Return Elasticsearch distance for array of geo points

978 views Asked by At

I need to return the distance for multiple geo points per document in an Elasticsearch array. As of now, my results only return one distance calculated for the array.

I started with the code from the following StackOverflow question: Return distance in elasticsearch results?

My elasticsearch query body contains this:

{
  "stored_fields" : [ "_source" ],
    "script_fields" : {
      "distance" : {
        "script" : {
          "inline": "doc['locations.facility.address.coordinates'].arcDistance(params.lat,params.lon) * 0.001",
          "lang": "painless",
          "params": {
            "lat": 2.27,
            "lon": 50.3
          }
        }
      }
    }
  }

And, my Elasticsearch source documents, when returned, resemble this. (Note that locations is an array.)

"locations": [
    {
      "facility": {
        "address": {
          "country_code": "US",
          "city": "San Diego",
          "coordinates": {
            "lon": -117.165,
            "lat": 32.8408
          },
          "country_name": "United States",
          "state_province": "California",
          "postal_code": "92123"
        }
      }
    },
    {
      "facility": {
        "address": {
          "country_code": "US",
          "city": "Tampa",
          "coordinates": {
            "lon": -82.505,
            "lat": 28.0831
          },
          "country_name": "United States",
          "state_province": "Florida",
          "postal_code": "33613"
        }
      }
    }

]

Currently, my results return something similar to this:

    "fields": {
      "distance": [
        13952.518249603361
      ]
    }

But in the distance array, I need to return a value for each entry in 'locations'.

1

There are 1 answers

0
Joe - Check out my books On BEST ANSWER

This one's tricky.

According to the documentation and the source code, the arcDistance method is only available on the doc values, not on the individual geo point instances underlying those doc values.

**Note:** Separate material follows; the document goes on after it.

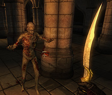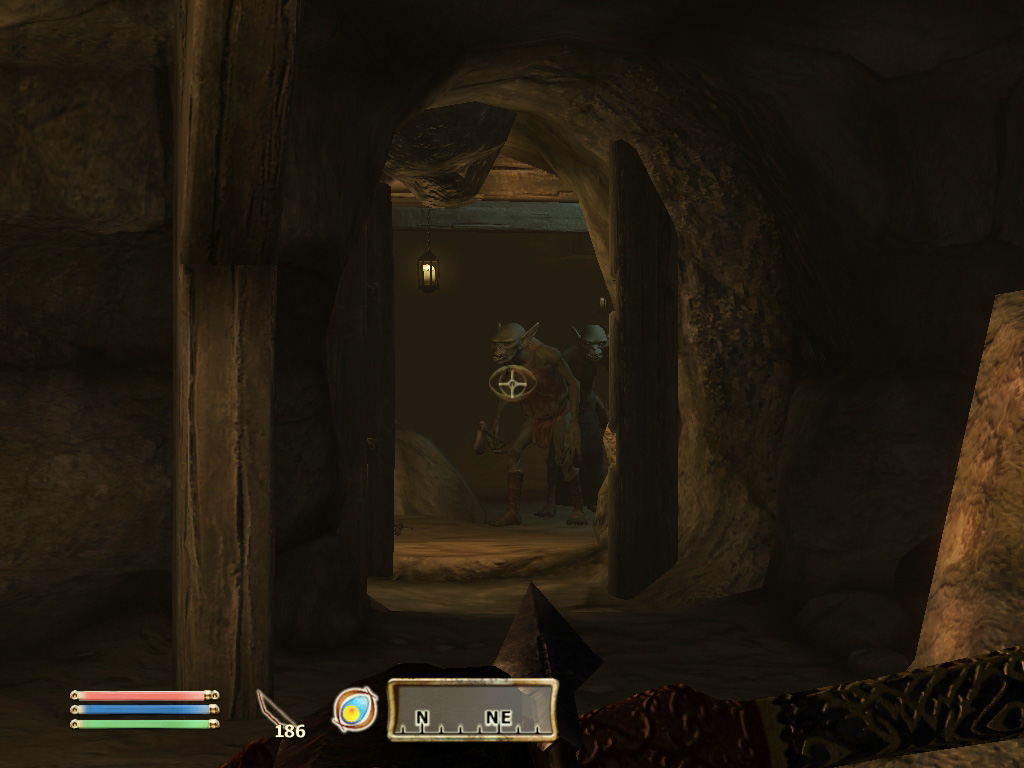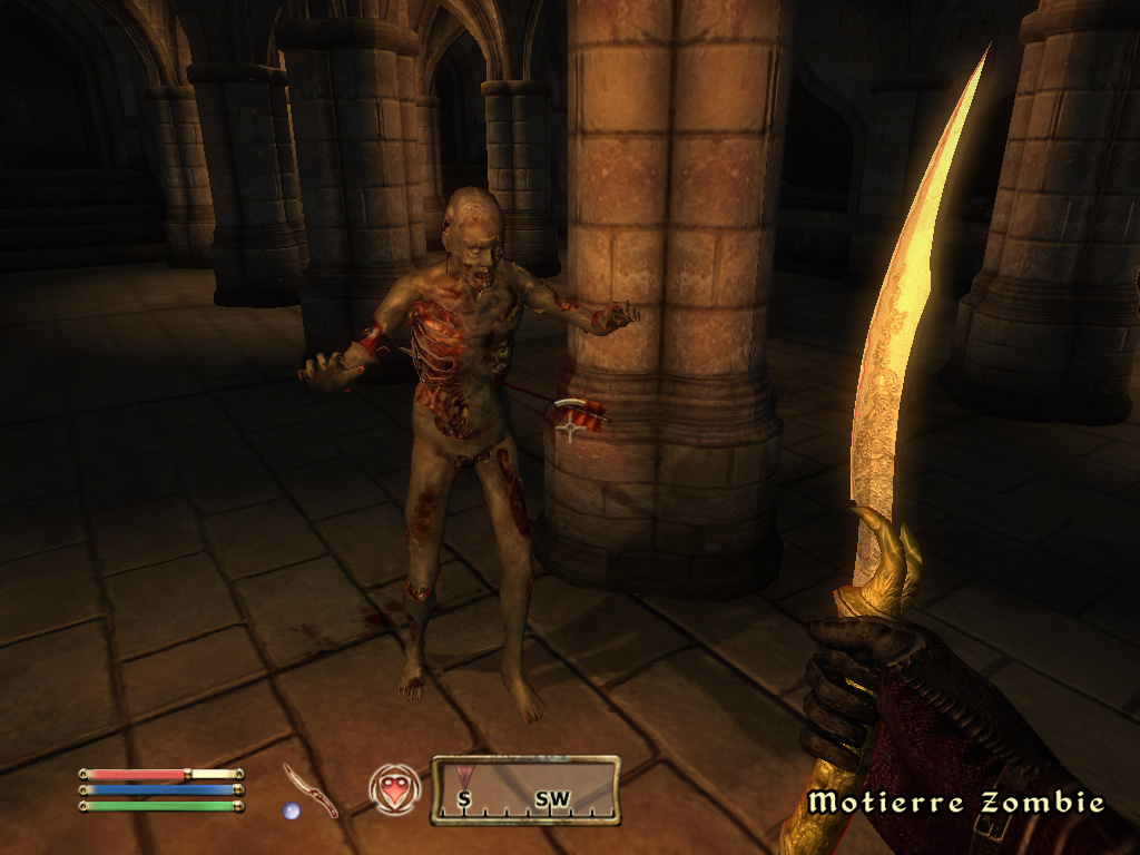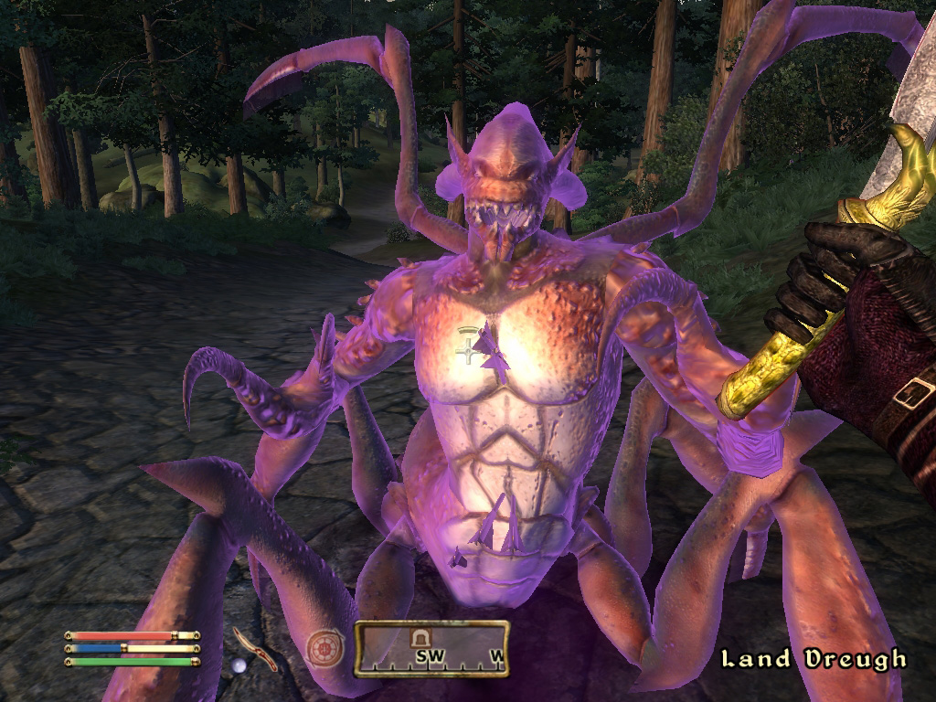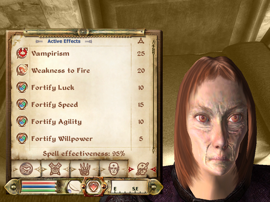 それではバンパイアになった感触をいろいろと試してみようと,街を歩いたり,ダンジョンに行って戦ったりなど,しばらくさまざまな活動をしてみた。そうこうするうちに,バンパイアに関することがいろいろと分かってきた。Oblivionのバンパイア症は,なかなか面白い仕組みを持っているのである。

In other words, although we could iterate on doc['locations.facility.address.coordinates'], the iteratees don't implement any geo distance methods.

That's a bummer. So we'll have to implement our own geo distance function, perhaps using the haversine formula:

{
  "stored_fields": [
    "_source"
  ],
  "script_fields": {
    "distance": {
      "script": {
        "inline": """
          float distFrom(float lat1, float lng1, float lat2, float lng2) {
            double earthRadius = 6371000; // meters
            double dLat = Math.toRadians(lat2-lat1);
            double dLng = Math.toRadians(lng2-lng1);
            double a = Math.sin(dLat/2) * Math.sin(dLat/2) +
                       Math.cos(Math.toRadians(lat1)) * Math.cos(Math.toRadians(lat2)) *
                       Math.sin(dLng/2) * Math.sin(dLng/2);
            double c = 2 * Math.atan2(Math.sqrt(a), Math.sqrt(1-a));
            float dist = (float) (earthRadius * c);
            
            return dist;
          }
        
          return params._source.locations.stream().map(location -> {
              def lat = (float) location.facility.address.coordinates.lat;
              def lon = (float) location.facility.address.coordinates.lon;
              return distFrom(lat, lon, (float) params.lat, (float) params.lon) * 0.001;
          }).collect(Collectors.toList())
        """,
        "lang": "painless",
        "params": {
          "lat": 2.27,
          "lon": 50.3
        }
      }
    }
  }
}

yielding

"hits" : {
  ...
  "hits" : [
    {
      ...
      "_source" : {
        "locations" : [
          { ... },
          { ... }
        ]
      },
      "fields" : {
        "distance" : [
          15894.470000000001,
          13952.498
        ]
      }
    }
  ]
}

To be honest, when there's so much scripting effort required, something's gone wrong.

Generally speaking, scripts should be avoided.

But more importantly, when you're not sorting by these geo distances, this whole computational effort should be done outside of Elasticsearch -- and rather there where you're post-processing the search results. I use Turf for javascript geo calculations, for instance.

Finally, when you store multiple locations/facilities in one array, I'd suggest using nested fields. They prevent array flattening, plus support sorting that makes sense.